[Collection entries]
☆ ☆ ☆

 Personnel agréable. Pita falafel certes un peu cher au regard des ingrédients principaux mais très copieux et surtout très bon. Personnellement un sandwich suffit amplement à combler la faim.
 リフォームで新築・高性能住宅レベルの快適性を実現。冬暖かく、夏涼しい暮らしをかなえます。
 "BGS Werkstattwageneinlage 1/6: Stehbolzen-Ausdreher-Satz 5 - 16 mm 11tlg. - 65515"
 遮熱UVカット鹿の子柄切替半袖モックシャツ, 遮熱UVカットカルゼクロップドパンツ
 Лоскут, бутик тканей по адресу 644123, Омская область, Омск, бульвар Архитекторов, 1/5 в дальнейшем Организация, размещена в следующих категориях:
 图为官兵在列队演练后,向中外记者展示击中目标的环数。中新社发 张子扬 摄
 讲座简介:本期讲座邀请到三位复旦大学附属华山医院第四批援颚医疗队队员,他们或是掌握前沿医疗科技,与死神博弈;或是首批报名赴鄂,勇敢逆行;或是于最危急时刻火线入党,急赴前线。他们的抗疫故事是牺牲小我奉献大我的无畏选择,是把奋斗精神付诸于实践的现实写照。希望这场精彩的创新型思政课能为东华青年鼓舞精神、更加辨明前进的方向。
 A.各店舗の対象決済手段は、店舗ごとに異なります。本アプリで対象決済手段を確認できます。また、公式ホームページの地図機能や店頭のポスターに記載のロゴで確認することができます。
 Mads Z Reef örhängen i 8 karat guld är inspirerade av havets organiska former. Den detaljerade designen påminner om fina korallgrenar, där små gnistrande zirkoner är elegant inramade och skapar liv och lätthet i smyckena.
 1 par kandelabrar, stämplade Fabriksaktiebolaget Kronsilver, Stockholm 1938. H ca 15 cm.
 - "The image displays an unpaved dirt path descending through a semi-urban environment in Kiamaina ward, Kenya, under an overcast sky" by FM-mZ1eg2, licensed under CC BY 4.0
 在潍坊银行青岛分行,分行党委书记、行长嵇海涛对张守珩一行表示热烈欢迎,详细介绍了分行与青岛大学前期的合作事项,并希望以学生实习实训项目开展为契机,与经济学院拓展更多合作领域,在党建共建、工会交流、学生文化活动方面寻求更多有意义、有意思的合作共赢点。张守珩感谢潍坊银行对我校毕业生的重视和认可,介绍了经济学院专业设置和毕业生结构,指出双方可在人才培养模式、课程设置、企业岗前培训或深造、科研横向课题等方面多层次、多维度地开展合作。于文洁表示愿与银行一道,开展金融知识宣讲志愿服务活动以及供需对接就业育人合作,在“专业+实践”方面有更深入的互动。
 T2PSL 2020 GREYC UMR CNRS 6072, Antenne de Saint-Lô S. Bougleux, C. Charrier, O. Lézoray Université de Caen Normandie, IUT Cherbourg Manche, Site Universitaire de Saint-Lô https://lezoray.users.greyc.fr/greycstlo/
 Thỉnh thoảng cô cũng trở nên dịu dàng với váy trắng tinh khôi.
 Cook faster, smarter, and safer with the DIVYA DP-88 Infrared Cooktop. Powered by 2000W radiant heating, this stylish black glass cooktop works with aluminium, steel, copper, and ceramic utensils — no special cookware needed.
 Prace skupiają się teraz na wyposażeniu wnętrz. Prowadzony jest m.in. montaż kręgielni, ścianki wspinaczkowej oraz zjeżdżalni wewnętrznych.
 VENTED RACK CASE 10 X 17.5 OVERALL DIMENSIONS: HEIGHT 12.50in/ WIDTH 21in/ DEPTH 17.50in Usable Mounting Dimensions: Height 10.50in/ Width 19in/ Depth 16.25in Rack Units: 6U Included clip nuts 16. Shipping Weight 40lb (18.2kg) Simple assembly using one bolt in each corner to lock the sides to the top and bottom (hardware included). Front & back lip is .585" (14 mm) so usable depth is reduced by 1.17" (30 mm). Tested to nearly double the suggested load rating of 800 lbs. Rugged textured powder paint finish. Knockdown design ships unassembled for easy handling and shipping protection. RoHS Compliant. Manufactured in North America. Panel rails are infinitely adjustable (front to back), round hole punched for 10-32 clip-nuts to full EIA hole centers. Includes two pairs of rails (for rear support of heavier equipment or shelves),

☆ ☆ ☆

[WHAT YOU HAVE TO DO]
Output the entries exactly. Leave nothing out.

[EXERCISE RESPONSE]
 Personnel agréable. Pita falafel certes un peu cher au regard des ingrédients principaux mais très copieux et surtout très bon. Personnellement un sandwich suffit amplement à combler la faim.
 リフォームで新築・高性能住宅レベルの快適性を実現。冬暖かく、夏涼しい暮らしをかなえます。
 "BGS Werkstattwageneinlage 1/6: Stehbolzen-Ausdreher-Satz 5 - 16 mm 11tlg. - 65515"
 遮熱UVカット鹿の子柄切替半袖モックシャツ, 遮熱UVカットカルゼクロップドパンツ
 Лоскут, бутик тканей по адресу 644123, Омская область, Омск, бульвар Архитекторов, 1/5 в дальнейшем Организация, размещена в следующих категориях:
 图为官兵在列队演练后,向中外记者展示击中目标的环数。中新社发 张子扬 摄
 讲座简介:本期讲座邀请到三位复旦大学附属华山医院第四批援颚医疗队队员,他们或是掌握前沿医疗科技,与死神博弈;或是首批报名赴鄂,勇敢逆行;或是于最危急时刻火线入党,急赴前线。他们的抗疫故事是牺牲小我奉献大我的无畏选择,是把奋斗精神付诸于实践的现实写照。希望这场精彩的创新型思政课能为东华青年鼓舞精神、更加辨明前进的方向。
 A.各店舗の対象決済手段は、店舗ごとに異なります。本アプリで対象決済手段を確認できます。また、公式ホームページの地図機能や店頭のポスターに記載のロゴで確認することができます。
 Mads Z Reef örhängen i 8 karat guld är inspirerade av havets organiska former. Den detaljerade designen påminner om fina korallgrenar, där små gnistrande zirkoner är elegant inramade och skapar liv och lätthet i smyckena.
 1 par kandelabrar, stämplade Fabriksaktiebolaget Kronsilver, Stockholm 1938. H ca 15 cm.
 - "The image displays an unpaved dirt path descending through a semi-urban environment in Kiamaina ward, Kenya, under an overcast sky" by FM-mZ1eg2, licensed under CC BY 4.0
 在潍坊银行青岛分行,分行党委书记、行长嵇海涛对张守珩一行表示热烈欢迎,详细介绍了分行与青岛大学前期的合作事项,并希望以学生实习实训项目开展为契机,与经济学院拓展更多合作领域,在党建共建、工会交流、学生文化活动方面寻求更多有意义、有意思的合作共赢点。张守珩感谢潍坊银行对我校毕业生的重视和认可,介绍了经济学院专业设置和毕业生结构,指出双方可在人才培养模式、课程设置、企业岗前培训或深造、科研横向课题等方面多层次、多维度地开展合作。于文洁表示愿与银行一道,开展金融知识宣讲志愿服务活动以及供需对接就业育人合作,在“专业+实践”方面有更深入的互动。
 T2PSL 2020 GREYC UMR CNRS 6072, Antenne de Saint-Lô S. Bougleux, C. Charrier, O. Lézoray Université de Caen Normandie, IUT Cherbourg Manche, Site Universitaire de Saint-Lô https://lezoray.users.greyc.fr/greycstlo/
 Thỉnh thoảng cô cũng trở nên dịu dàng với váy trắng tinh khôi.
 Cook faster, smarter, and safer with the DIVYA DP-88 Infrared Cooktop. Powered by 2000W radiant heating, this stylish black glass cooktop works with aluminium, steel, copper, and ceramic utensils — no special cookware needed.
 Prace skupiają się teraz na wyposażeniu wnętrz. Prowadzony jest m.in. montaż kręgielni, ścianki wspinaczkowej oraz zjeżdżalni wewnętrznych.
 VENTED RACK CASE 10 X 17.5 OVERALL DIMENSIONS: HEIGHT 12.50in/ WIDTH 21in/ DEPTH 17.50in Usable Mounting Dimensions: Height 10.50in/ Width 19in/ Depth 16.25in Rack Units: 6U Included clip nuts 16. Shipping Weight 40lb (18.2kg) Simple assembly using one bolt in each corner to lock the sides to the top and bottom (hardware included). Front & back lip is .585" (14 mm) so usable depth is reduced by 1.17" (30 mm). Tested to nearly double the suggested load rating of 800 lbs. Rugged textured powder paint finish. Knockdown design ships unassembled for easy handling and shipping protection. RoHS Compliant. Manufactured in North America. Panel rails are infinitely adjustable (front to back), round hole punched for 10-32 clip-nuts to full EIA hole centers. Includes two pairs of rails (for rear support of heavier equipment or shelves),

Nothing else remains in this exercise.